Winston tried to keep up with her short, quick steps as smoothly and authoritatively as he could, the two of them moving around a right corner, a left corner, another left, straight ahead through a fork, and over the Wax Bridge to find themselves in a small, open clearing within the maze.
"Tell me you didn't want to come here." Winston asked, voice dripping with disdain. "This is the hedgehog breeding ground, nobody ever comes here."
"Grab a hedgehog," was all she said, looking down at the balls of fluff at their feet thoughtfully. She kicked a small green one out her way, bending over to pick up a red one roughly the size of a grapefruit.
"I'm not picking up a hedgehog," Winston huffed. "They're only here to hunt the Rose-Eating Blorfbugs—"
"Royal Jack Winston," the girl said, and his mouth snapped shut as she looked at him with those piercing eyes. "Sir," she amended with the tiniest, quickest curtsy Winston had ever seen, "Pick up a dratted hedgehog, it's not that difficult!"

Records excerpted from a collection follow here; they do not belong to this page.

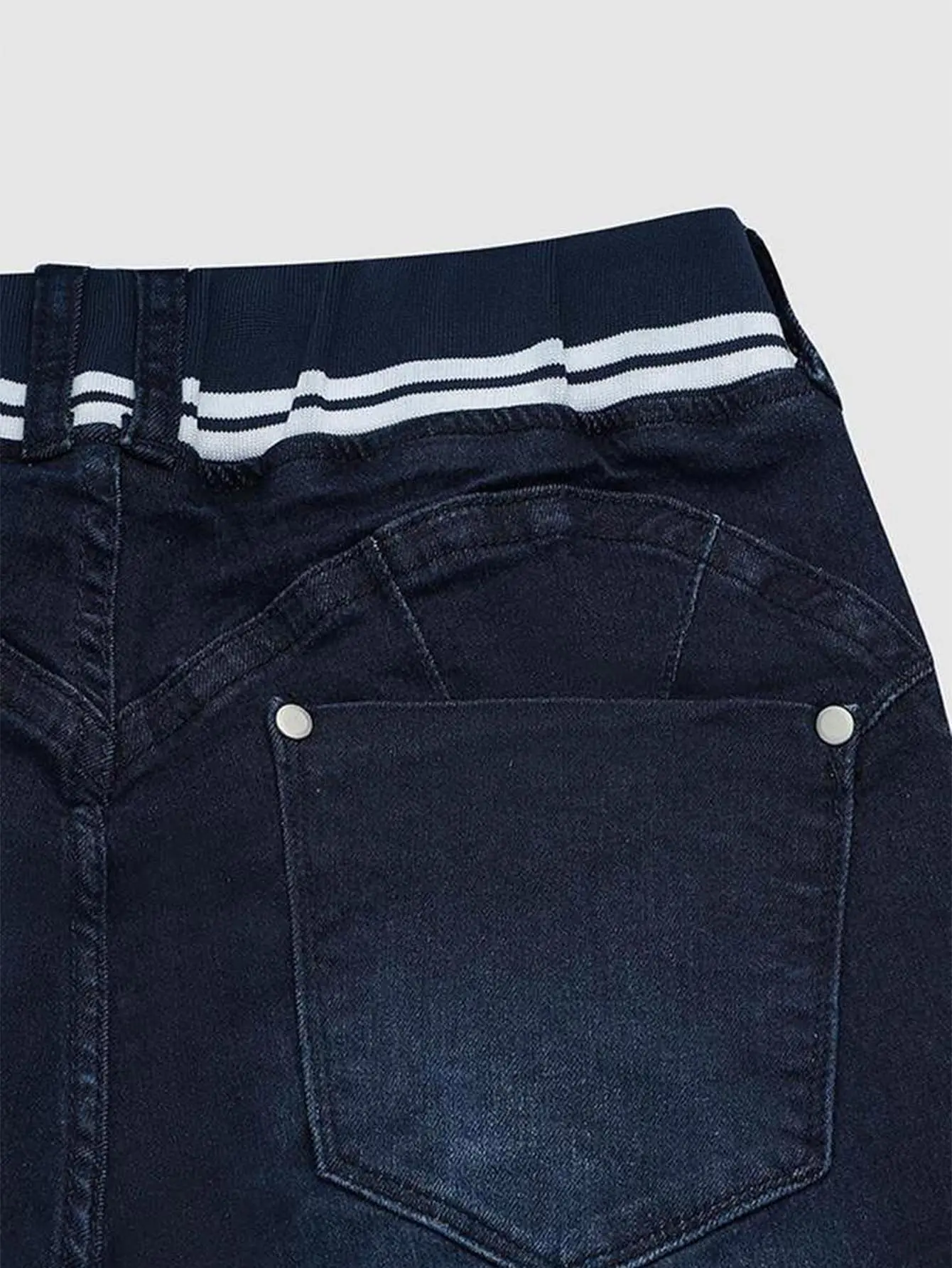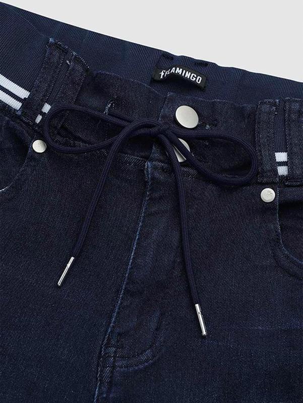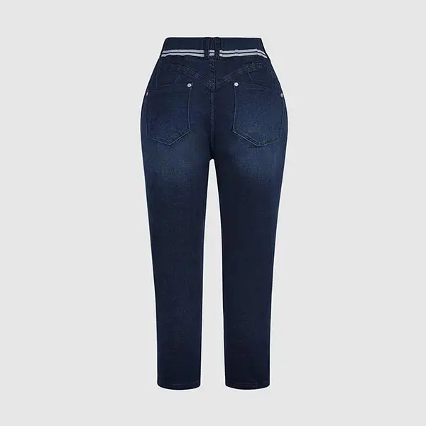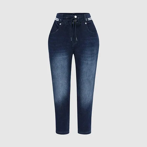 Discover the perfect blend of style and comfort with these wash contrast binding double button drawstring mid waist capri jeans.
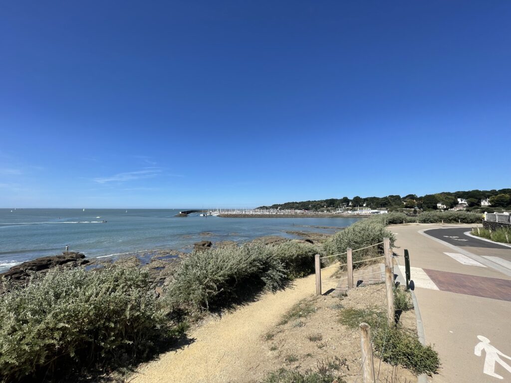 Danach machen wir uns zu Dritt wieder auf zum Pool, während Micha und Jasmin noch kurz beim örtlichen Supermarkt einkaufen. Danach schwingt sich Micha auf sein Rad und fährt auf einem schönen Radweg Richtung Pornic. Heute haben wir richtiges Badewetter, deshalb wollen wir heute auch noch an den Strand. Hochwasser ist allerdings erst um 20 Uhr, vor Spätnachmittag brauchen wir also gar nicht starten. So beschließen wir mittags nur zu vespern und abends dafür Pizza zu holen und am Strand zu essen.
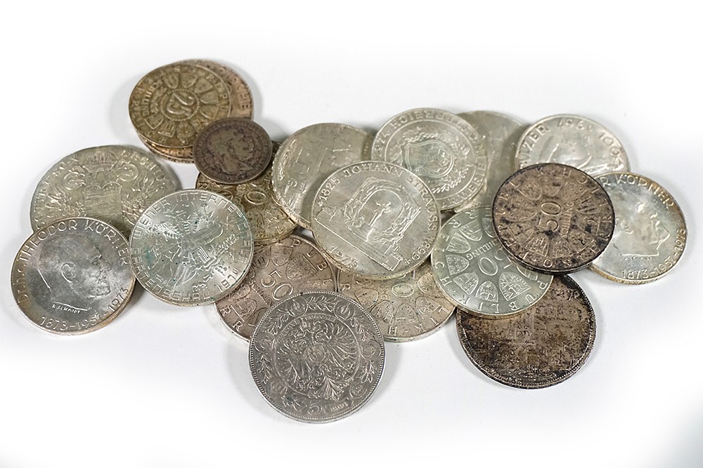 Doosje met vnl. moderne Oostenrijkse herdenkingsmunten 25-500 Schilinng. Totaal: ATS 2250,=
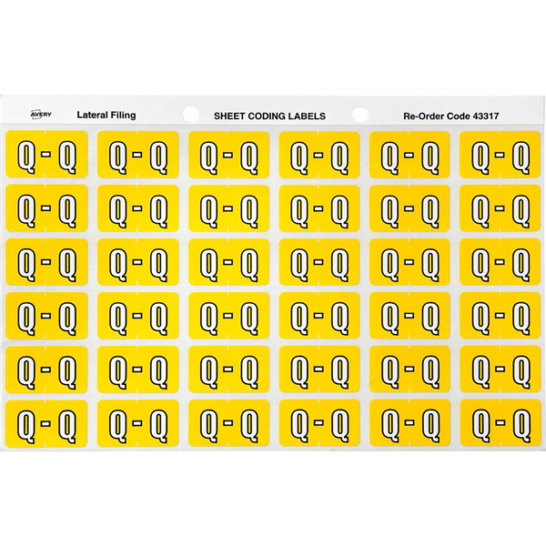 AVERY 43317 LATERAL FILE LABEL SIDE TAB Q COLOUR CODE 25 X 38MM YELLOW PACK 180
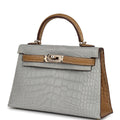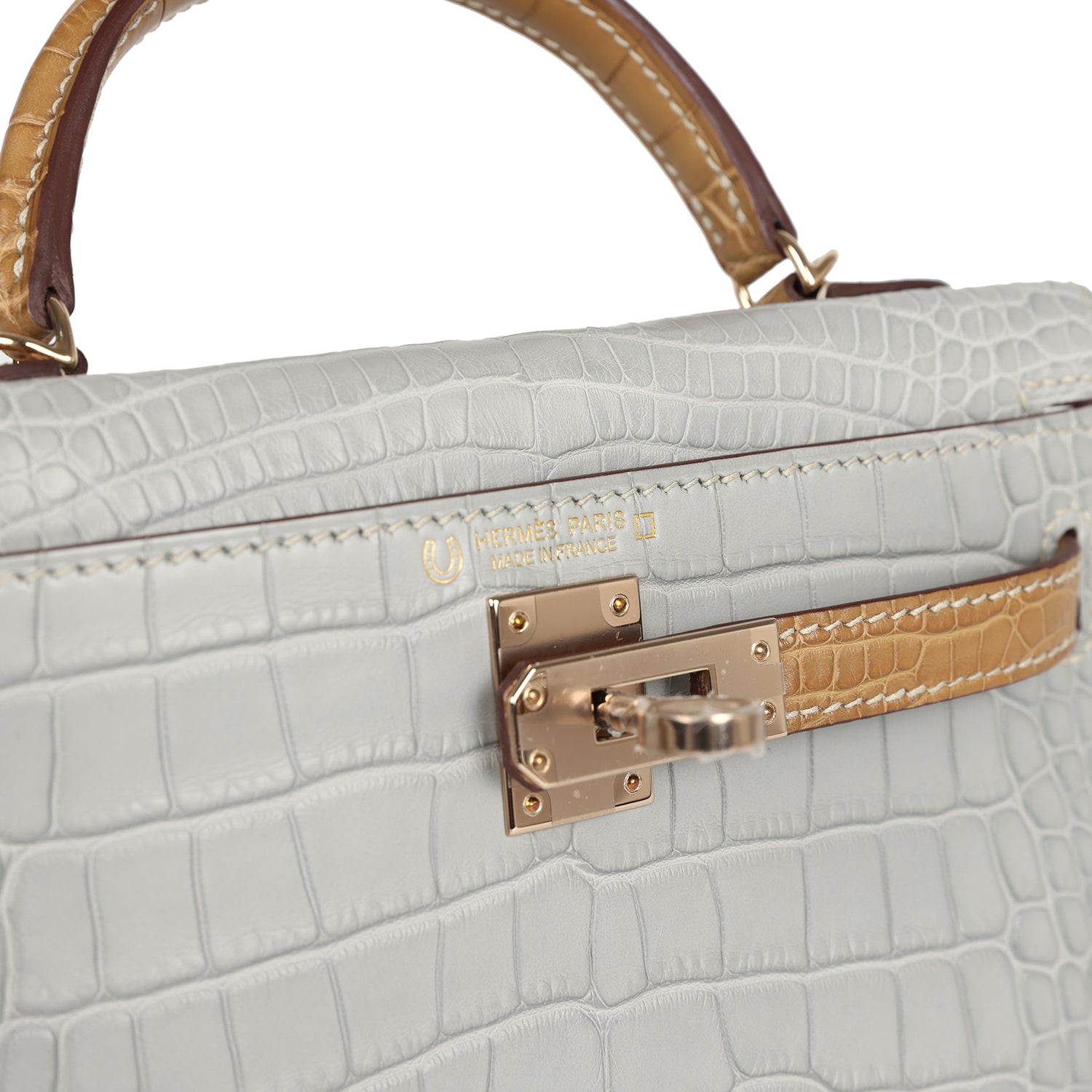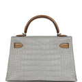 Hermes Special Order (HSS) Kelly Sellier 20 Gris Perle and Kraft Matte Alligator Permabrass Hardware
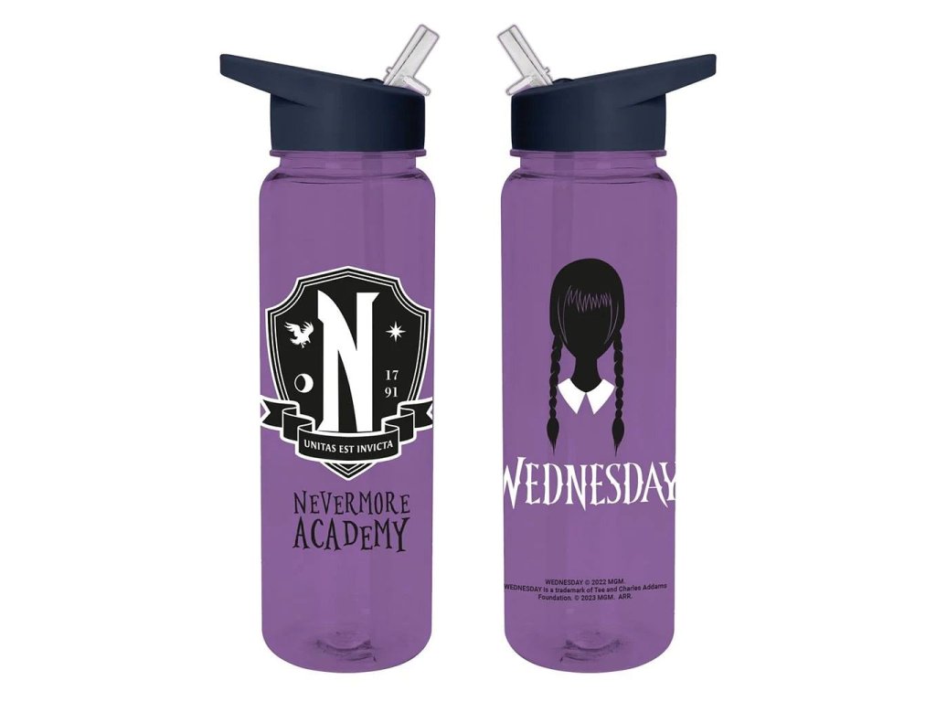 Fialová plastová fľaša na vodu s grafikou obľúbeného seriálu Wednesday vás nenechá smädiť! Fľaša nie je vhodná do umývačky riadu ani mikrovlnky.

He picked up the green one.
They took a left out of the clearing, another left, two rights, a wrong, and circled around the Blowfish Tree three times clockwise until they arrived at the Flamingo Gardens. By now, Winston's hedgehog had begun to struggle slightly, bored of being held. He set it down on the ground, the girl doing the same. He stood and watched as she placed her hands on her hips, surveying the flamingoes carefully, before striding up to one and staring at it straight in the eye.
Winston started to feel slightly alarmed. These Flamingoes were kept here in the middle of the gardens for a reason; The Queen loved their bright colors and aggressive attitudes, wanting them to run around the Palace Yard like guard dogs, but they had pecked the eyeballs out of so many Gardening Spades that they'd had to be contained.
But before he could say a word, the girl had placed both of her hands at the flamingo's neck, stretching one hand up to the base of the head, ruffling its feathers considerably and straightening out its neck with a loud, strangled squawk. "Stay," she commanded clearly.
It did.
Winston watched, with wide eyes, as the girl tucked the flamingo under her arm, took careful aim at the hedgehog rolled up obediently at her feet, and whacked it clear through a small arch of rose leaves in the distance, only inches away from a stick stubbornly poking its way out of the ground. "There," she said, shifting the flamingo under her arm. "Just like that. You do play croquet, I presume?"
Well, yes, of course he had – but Winston had never seen anything like this in his life. He gaped at her. "Who taught you to do this?" he asked.
"No one," she said, tucking a stray piece of hair behind her ear. "I did it myself. These flamingoes aren't all that difficult to train, it just takes a firm hand, you know. Once they know you're in charge, they're quite useful." She looked up at him and her mouth twisted sharply at his gaze so fixed upon her. "What are you staring at?"
He had been re-examining her carefully from where he stood, from top to toe, as though this were an entirely new specimen of creature never before encountered by mankind. Tiny little feet in patent slippers, a white frock with a small grass stain at the hem, not a lithe figure but certainly not a fat one either, and pale skin without a single freckle to be seen. In fact, everything about this girl was wholly unremarkable except for her lurid red hair and her razor-sharp eyes of chrystalline blue.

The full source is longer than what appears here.